ASSIGNMENT: Print each line exactly, from the one with "Twr Mawr Lighthouse, Anglesey: Graphitint" to the very last line of the listing, and keep the pictures out.
(DATA SECTION)
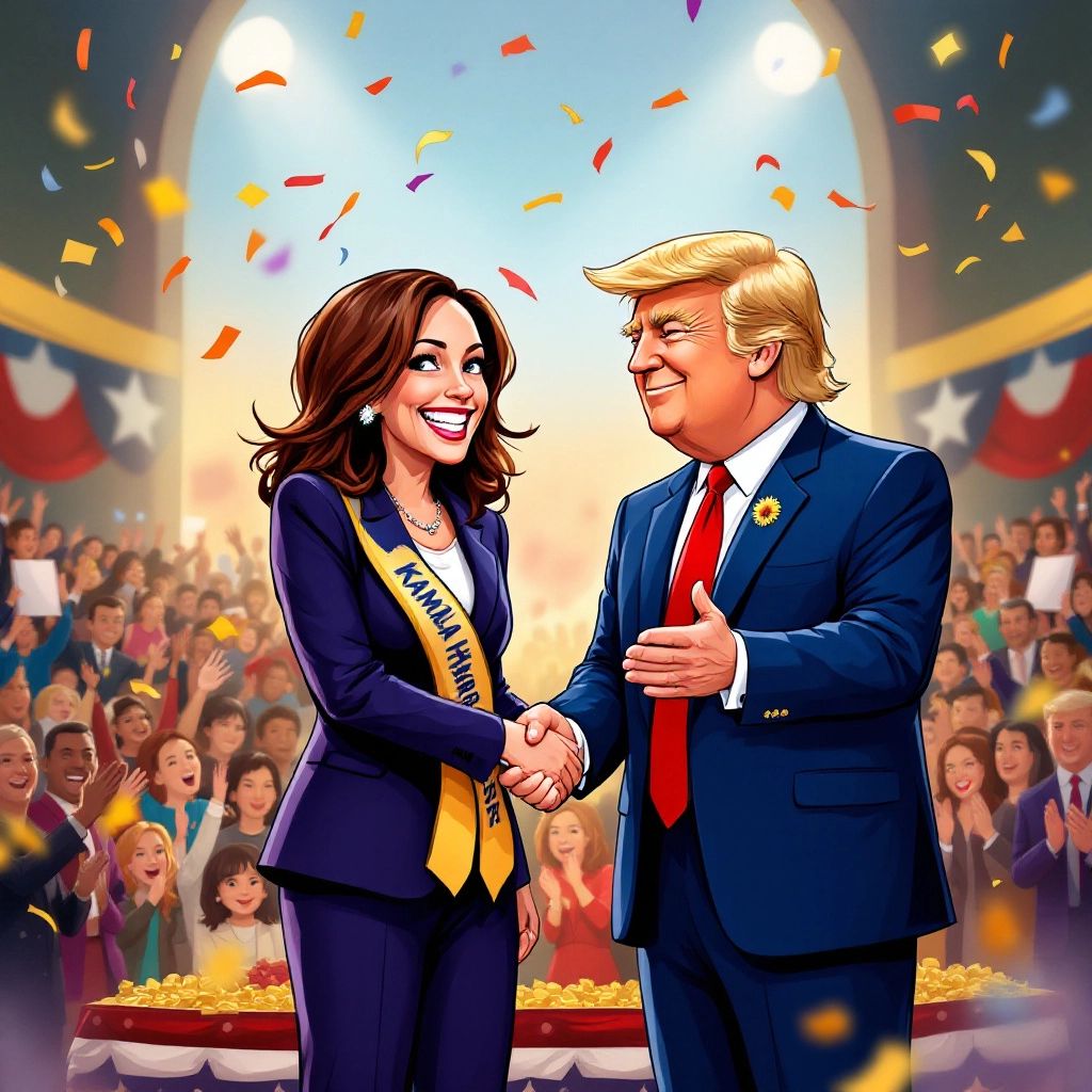 Finally, the big announcement was made! [Kamala Harris](JTWQFNMJ) won the election by just a few more votes. She promised to work hard for everyone and thanked [Trump](DP2PY6XM) for a spirited campaign.
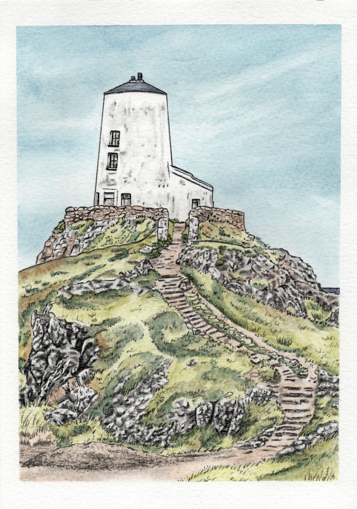 Twr Mawr Lighthouse, Anglesey: Graphitint pencils and pencils.
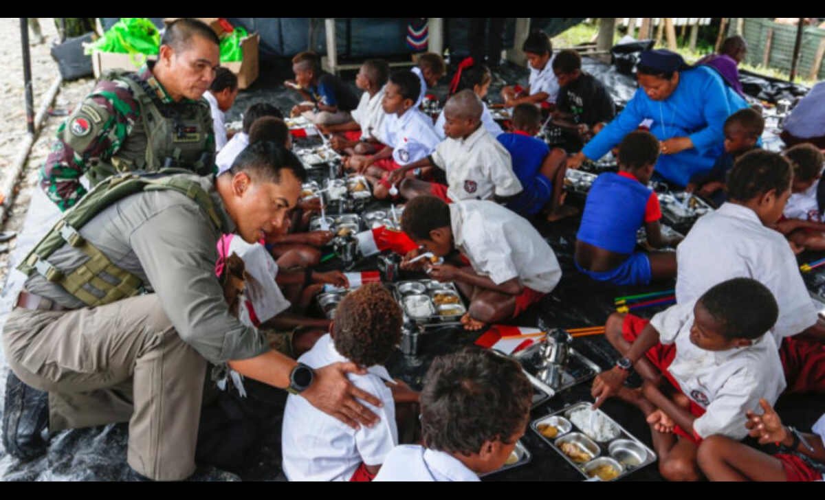 Tak hanya pelayanan kesehatan, masyarakat Desa Batas Batu, Distrik Krepkuri, Kabupaten Nduga, Provinsi Papua Pegunungan juga menerima makanan bergizi, paket sembako, dan akses air bersih, yang dibagikan kepada setiap keluarga.
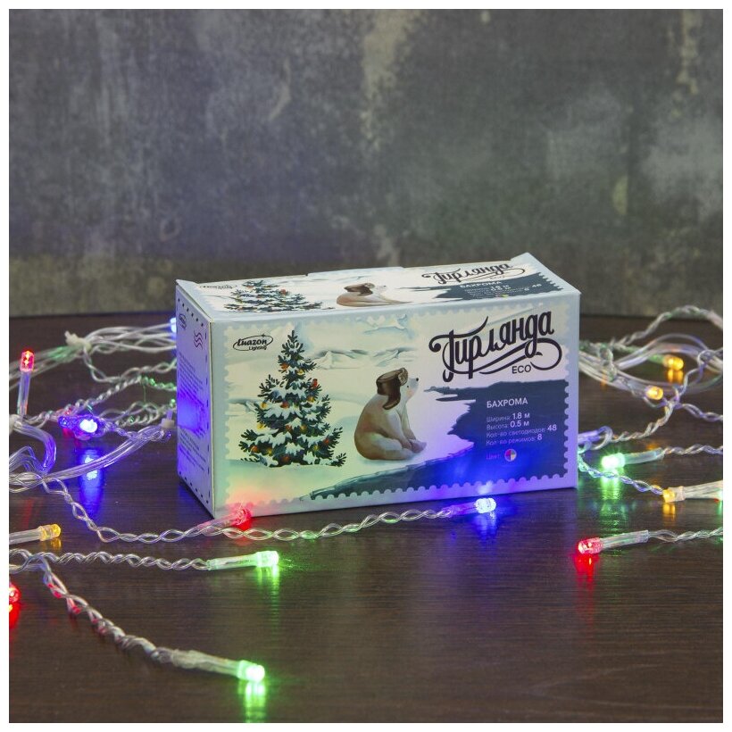 Гирлянда «Бахрома» 1.8 × 0.5 м, IP20, тёмная нить, 48 LED, свечение мульти, 8 режимов, 220 В
(End DATA SECTION)
RESPONSE TO THIS EXERCISE:
 Twr Mawr Lighthouse, Anglesey: Graphitint pencils and pencils.
 Tak hanya pelayanan kesehatan, masyarakat Desa Batas Batu, Distrik Krepkuri, Kabupaten Nduga, Provinsi Papua Pegunungan juga menerima makanan bergizi, paket sembako, dan akses air bersih, yang dibagikan kepada setiap keluarga.
 Гирлянда «Бахрома» 1.8 × 0.5 м, IP20, тёмная нить, 48 LED, свечение мульти, 8 режимов, 220 В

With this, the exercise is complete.